§ SOURCE RECORDS
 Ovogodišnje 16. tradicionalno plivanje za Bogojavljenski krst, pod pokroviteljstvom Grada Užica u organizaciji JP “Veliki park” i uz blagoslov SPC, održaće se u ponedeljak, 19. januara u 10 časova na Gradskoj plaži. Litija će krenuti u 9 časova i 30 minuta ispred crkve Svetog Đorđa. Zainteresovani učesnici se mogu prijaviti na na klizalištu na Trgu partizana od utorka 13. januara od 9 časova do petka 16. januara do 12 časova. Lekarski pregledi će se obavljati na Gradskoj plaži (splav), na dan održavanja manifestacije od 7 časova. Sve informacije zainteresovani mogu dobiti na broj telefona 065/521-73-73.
* * *
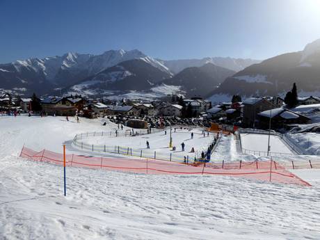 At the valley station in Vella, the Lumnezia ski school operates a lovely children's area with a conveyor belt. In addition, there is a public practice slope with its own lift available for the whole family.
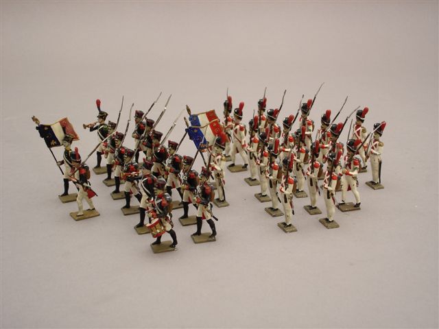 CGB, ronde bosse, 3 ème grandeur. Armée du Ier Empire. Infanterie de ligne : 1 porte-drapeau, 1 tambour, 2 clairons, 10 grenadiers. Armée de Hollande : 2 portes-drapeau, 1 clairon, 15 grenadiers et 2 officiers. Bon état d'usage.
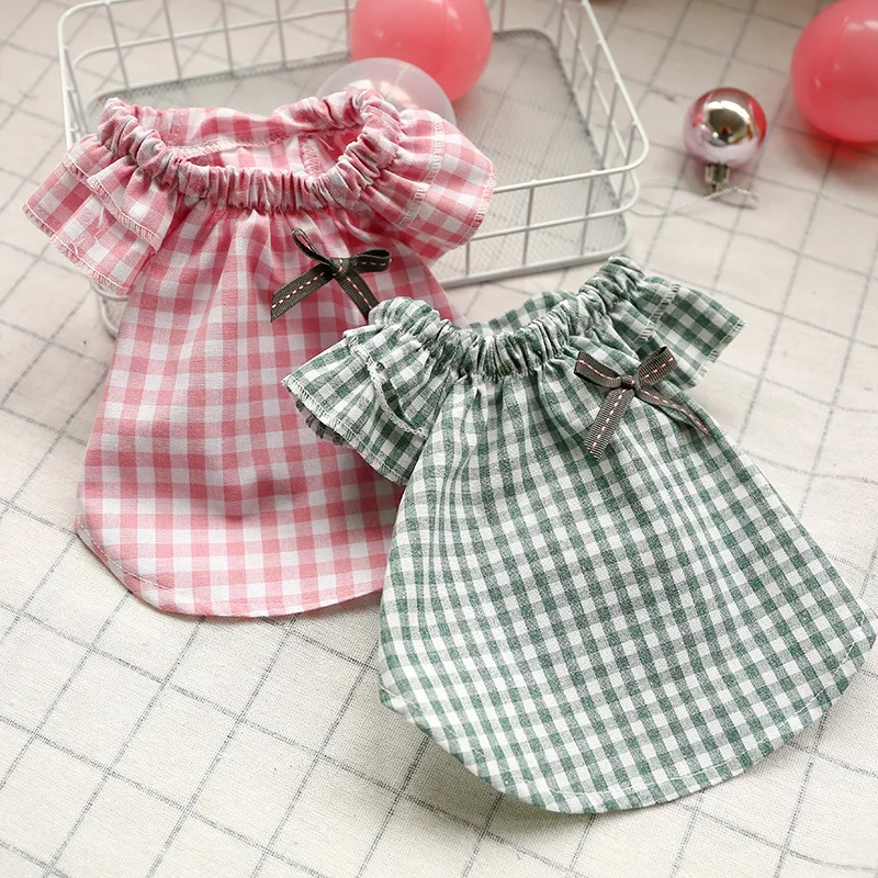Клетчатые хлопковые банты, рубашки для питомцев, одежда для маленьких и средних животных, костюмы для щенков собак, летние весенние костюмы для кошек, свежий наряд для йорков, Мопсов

§ GOAL OF THE EXERCISE
Return exactly the stretch above whose first line contains "At the valley" and whose last line contains "CGB, ronde bosse, 3", and nothing outside it. The pictures should not appear.

§ ANSWER SPACE
 At the valley station in Vella, the Lumnezia ski school operates a lovely children's area with a conveyor belt. In addition, there is a public practice slope with its own lift available for the whole family.
 CGB, ronde bosse, 3 ème grandeur. Armée du Ier Empire. Infanterie de ligne : 1 porte-drapeau, 1 tambour, 2 clairons, 10 grenadiers. Armée de Hollande : 2 portes-drapeau, 1 clairon, 15 grenadiers et 2 officiers. Bon état d'usage.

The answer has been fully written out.